BY: WU, DELA HOSTRIA AND ADANA


DEFINITION

• Humor is a literary tool that makes audiences laugh, or that intends to induce
amusement or laughter.
• Break the monotony, boredom, and tedium, and make the audience’s nerves
relax.
• Often found in literature, theater, movies, and advertising, where the major
purpose is to make the audience happy.
FUNCTION

• Humor is one of the most effective literary weapons to please the audience, as it
develops characters and makes plots useful and memorable.
• It arouses interest among readers, sustains their attention, helps them connect
with the characters, emphasizes and relates ideas, and helps the readers picture
the situation.
• Improve the quality of their works by pleasing the audience
• Provide surprise, which not only improves quality, but improves
memorable style of a literary piece.
TYPES

• Hyperbole/Exaggeration
• Incongruity
• Slapstick
• Surprise
• Pun
• Sarcasm
• Irony
HYPERBOLE

• Hyperbole, derived from a Greek word meaning “over-casting,” is a figure of speech that
involves an exaggeration of ideas for the sake of emphasis.
• It is a device that we employ in our day-to-day speech.
• Therefore, a hyperbole is an unreal exaggeration to emphasize the real situation.
• And also, hyperbole is a type of exaggeration
EXAGGERATION

• We all exaggerate. Sometimes by spicing up stories to make them more fun, or simply to
highlight our points. Exaggeration is a statement that makes something worse, or better,
than it really is. In literature and oral communication, writers and speakers use
exaggeration as a literary technique, to give extra stress and drama in a work or speech.
• FUNCTION OF EXAGGERATION: is to lay emphasis and stress on the given idea,
action, feature, or feeling by overstating it. Through exaggeration, writers describe an
action or a feature in a remarkable and heightened manner. Sometimes, they also use it
sarcastically and ironically to bring humor to their works. In poetry, on the other hand,
poets use it by adding images, similes and metaphors.
INCONGRUITY

• The juxtaposition of two not-quite-related ideas; something that is out of harmony with
expectations.
SLAPSTICK

• Primarily a physical kind of comedy based around pratfalls and mild comic violence —
smacks in the head, pokes in the eyes, people falling down, etc.
SURPRISE

• Occurs when the reader laughs at something unexpected


• A mundane set-up followed by an unexpected conclusion.
PUN

• A pun is a joke based on the interplay of homophones- (words with the same
pronunciation but different meanings) which produces a humorous effect by using
a word that suggests two or more meanings, or by exploiting similar sounding
words that have different meanings.
SARCASM

• Sarcasm is a literary and rhetorical device that is meant to mock, often with satirical
or ironic remarks, with a purpose to amuse and hurt someone, or some section of
society, simultaneously.
• FUNCTIONS OF SARCASM: Mask or Defensive Mechanism
• Types of Sarcasm
1. Self-Deprecating Sarcasm
2. Brooding Sarcasm
3. Deadpan Sarcasm
4. Polite Sarcasm
5. Obnoxious Sarcasm
6. Manic Sarcasm
7. Raging Sarcasm
IRONY

• In simple words, it is a difference between appearance and reality.

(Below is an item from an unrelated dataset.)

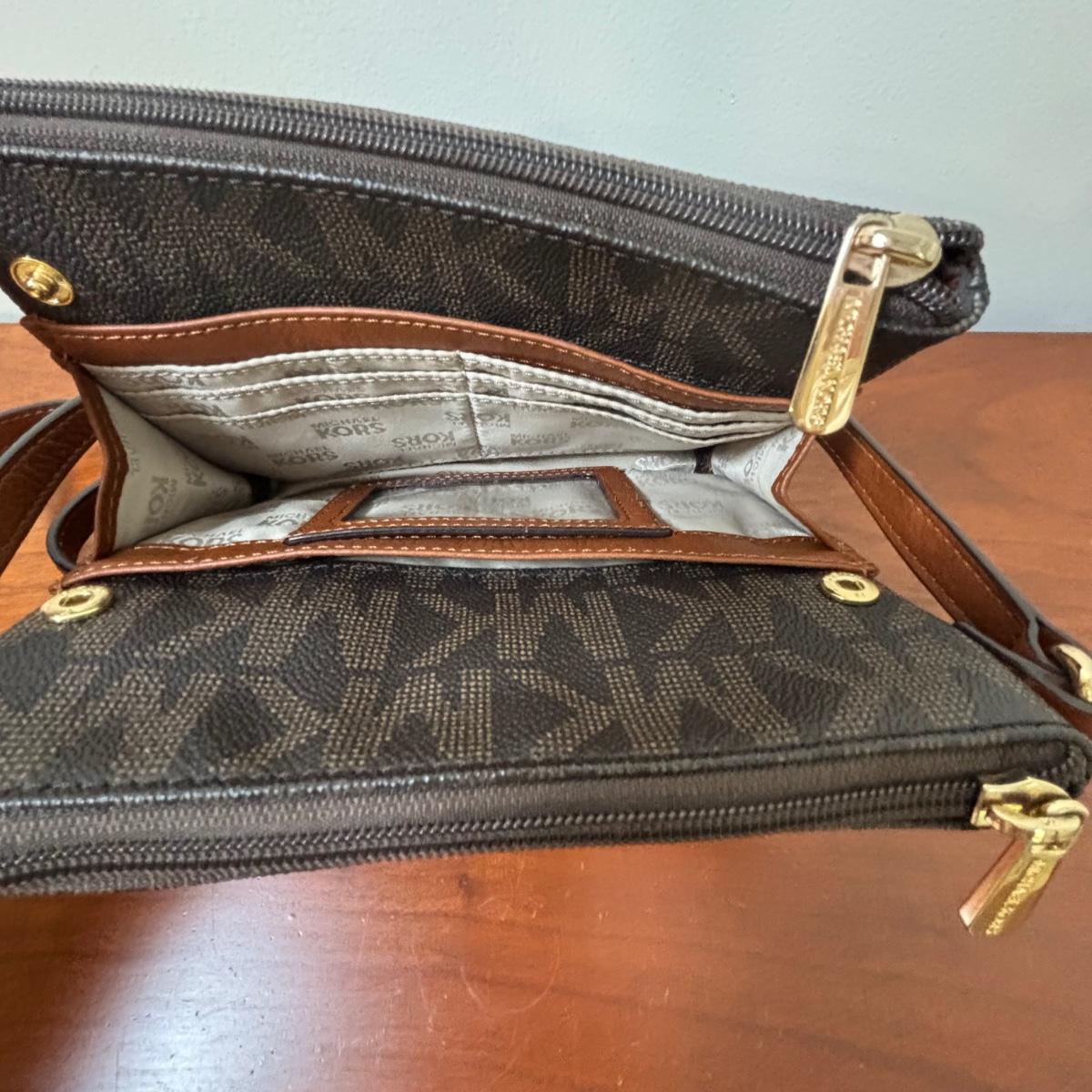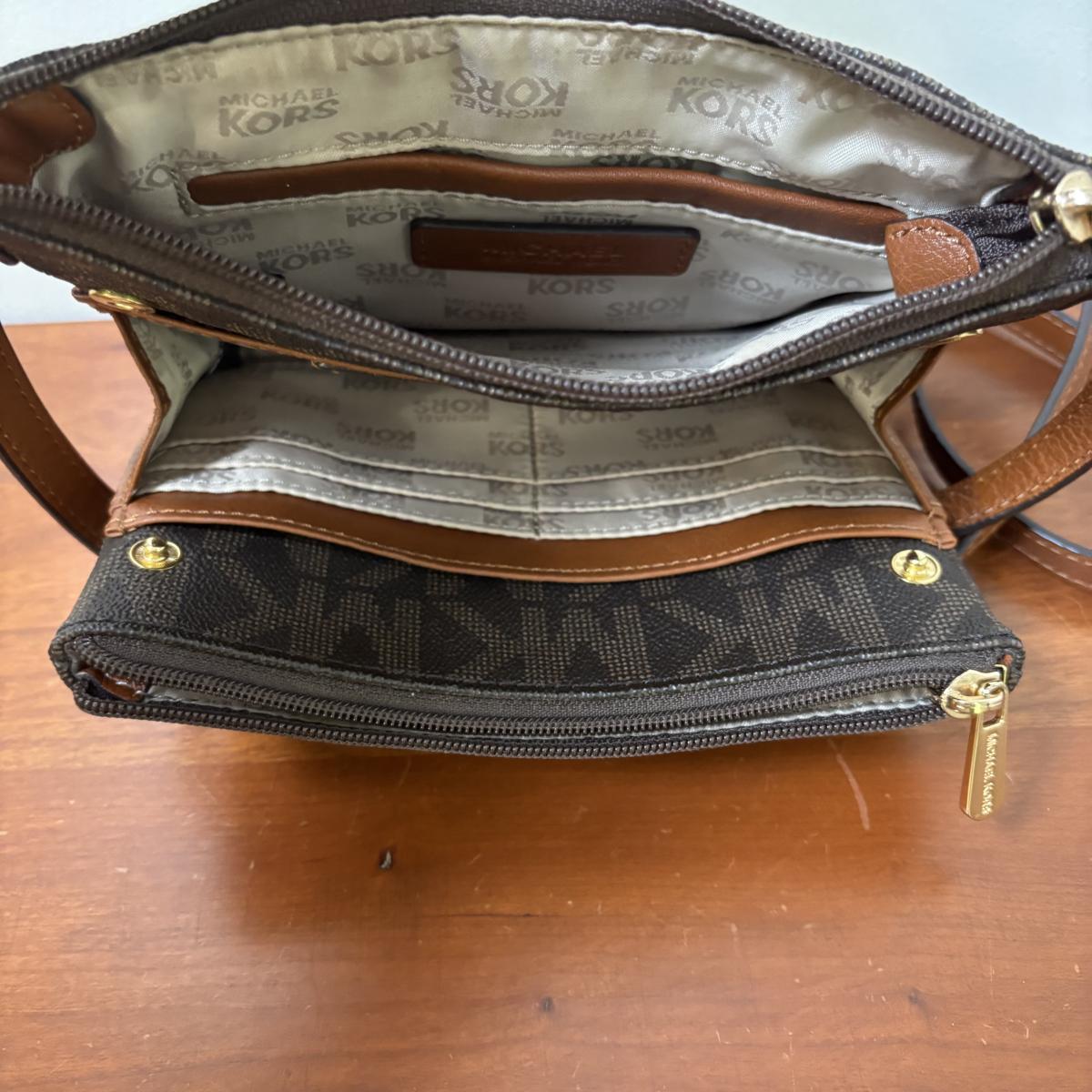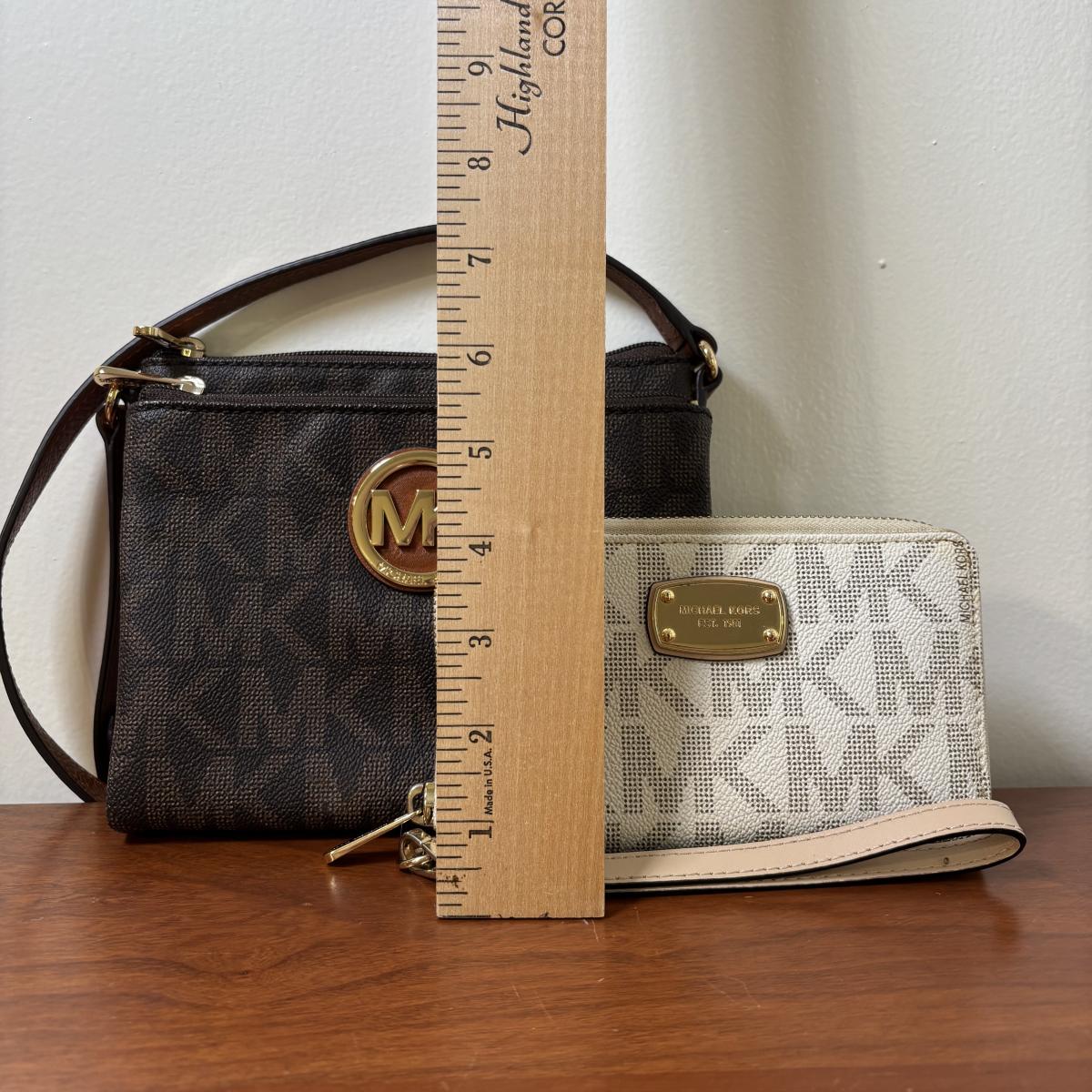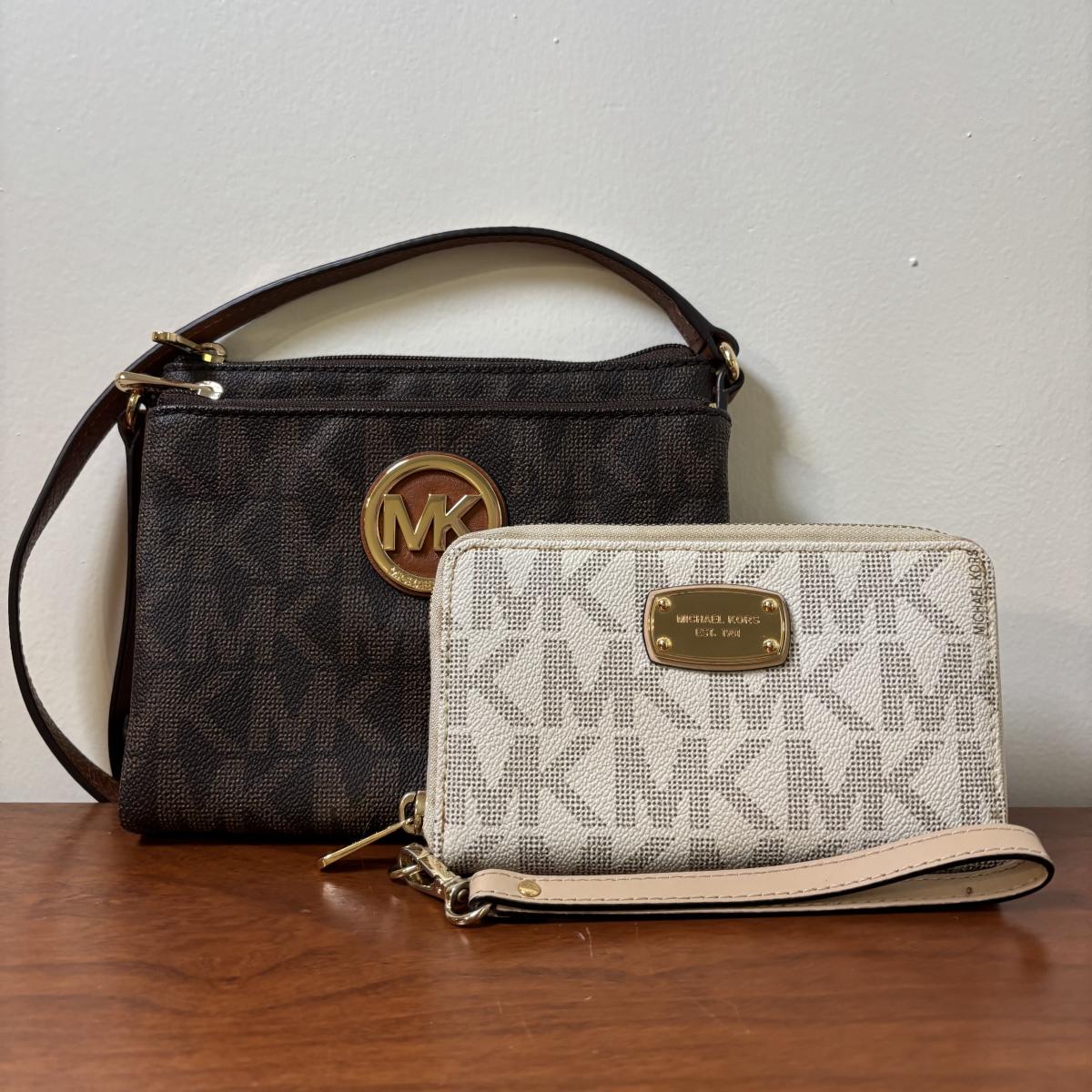LOT 61: Michael Kors Jet Set Travel Medium Logo Crossbody Bag & Jet Set Continental Wallet in Vanilla Signature Print

• Brings about some added meanings to a situation.
• Types of Irony
1. Verbal irony involves what one does not mean.
2. In situational irony, both the characters and the audience are fully unaware of the
implications of the real situation.
EXAMPLE OF HUMOR: PRIDE AND PREJUDICE (BY
JANE AUSTEN)

• Jane Austen’s novel Pride and Prejudice is one of her most popular
works. Throughout the entire novel, Jane Austen uses humor. She
presents a very hilarious scene between Mr. and Mrs. Bennet. Mrs.
Bennet endlessly breaks down and makes complaints for her husband’s
lack of understanding her nerves, and then he responds by saying:
• “You mistake me, my dear. I have a high respect for your nerves. They are my old
friends. I have heard you mention them with consideration these twenty years at least.”
• He constantly pokes fun at her. Likewise, Austen bursts with humor in the
case of Elizabeth and Darcy as, upon their first meeting, both feel a sense
of disgust for one another. However, later they enjoy teasing each other.